This section shows the latest model performance metrics from cross-validation and
compares different forecasting models to select the best performer.
    """)

    # Load run_log.json for model performance
    data_dir = Path(db_path).parent
    run_log_path = data_dir / "run_log.json"

    if run_log_path.exists():
        import json
        with open(run_log_path, 'r') as f:
            run_log = json.load(f)

        pipeline_results = run_log.get('pipeline_results', {})
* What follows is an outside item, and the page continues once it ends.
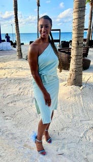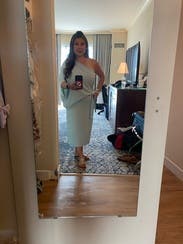 First, RTR is easy and convenient from receiving your items to returning them. Second, this dress was absolutely stunning. I have narrow hips and big boobs, and this dress fit me perfectly. I wanted my handsome date’s attire to complement mine, so I planned to get him a pastel blue tie. My daughter convinced me the dress was more of a greenish blue, maybe a pastel robin’s egg blue, and she was right! I highly recommend RTR, this dress, and the cuff I rented to go with it!

        # Display key metrics
        col1, col2, col3, col4 = st.columns(4)
        with col1:
            best_model = pipeline_results.get('best_model', 'N/A')
            st.metric("🏆 Best Model", best_model)
        with col2:
            best_rmse = pipeline_results.get('best_rmse', 0)
            st.metric("📊 Best RMSE", f"{best_rmse:,.0f}")
        with col3:
            series_count = pipeline_results.get('series_count', 0)
            st.metric("📈 Series Forecasted", series_count)
        with col4:
            rows_out = pipeline_results.get('preprocessing', {}).get('rows_output', 0)
            st.metric("📋 Training Rows", f"{rows_out:,}")

        # Model Leaderboard - Interactive Table
        st.subheader("📊 Model Leaderboard (Cross-Validation Results)")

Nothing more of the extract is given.